Go by Example: Exec'ing Processes

In the previous example we looked at spawning external processes. We do this when we need an external process accessible to a running Go process. Sometimes we just want to completely replace the current Go process with another (perhaps non-Go) one. To do this we’ll use Go’s implementation of the classic exec function.

package main
import (
    "os"
    "os/exec"
    "syscall"
)
func main() {

For our example we’ll exec ls. Go requires an absolute path to the binary we want to execute, so we’ll use exec.LookPath to find it (probably /bin/ls).

    binary, lookErr := exec.LookPath("ls")
    if lookErr != nil {
        panic(lookErr)
    }

Exec requires arguments in slice form (as opposed to one big string). We’ll give ls a few common arguments. Note that the first argument should be the program name.

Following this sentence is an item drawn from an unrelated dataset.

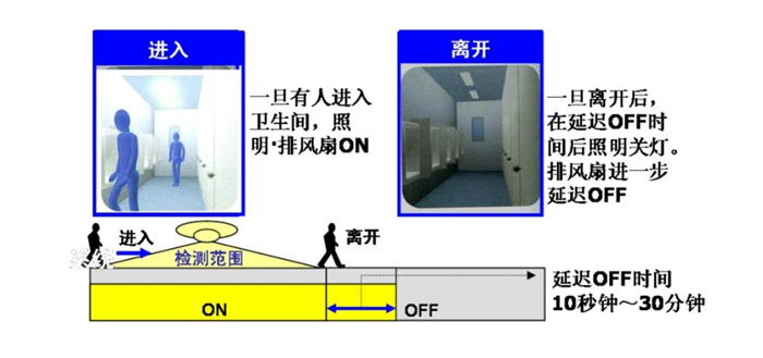? 針對衛生間照明的特點來設置時間和人體紅外感應控制,無人進入衛生間時系統開啟部分照明回路提供最基本的照明,當有人進入衛生間時,衛生間內的感應器返回數據,處理器控制衛生間的所有光源全部點亮,人離開后由時間控制器控制光源延時關閉,并且延時時間可重復設置。同時在衛生間入口或清潔作業間設置操作面板,實現全開、全關、半亮燈手動操作模式。

    args := []string{"ls", "-a", "-l", "-h"}

Exec also needs a set of environment variables to use. Here we just provide our current environment.

    env := os.Environ()

Here’s the actual syscall.Exec call. If this call is successful, the execution of our process will end here and be replaced by the /bin/ls -a -l -h process. If there is an error we’ll get a return value.

    execErr := syscall.Exec(binary, args, env)
    if execErr != nil {
        panic(execErr)
    }
}

When we run our program it is replaced by ls.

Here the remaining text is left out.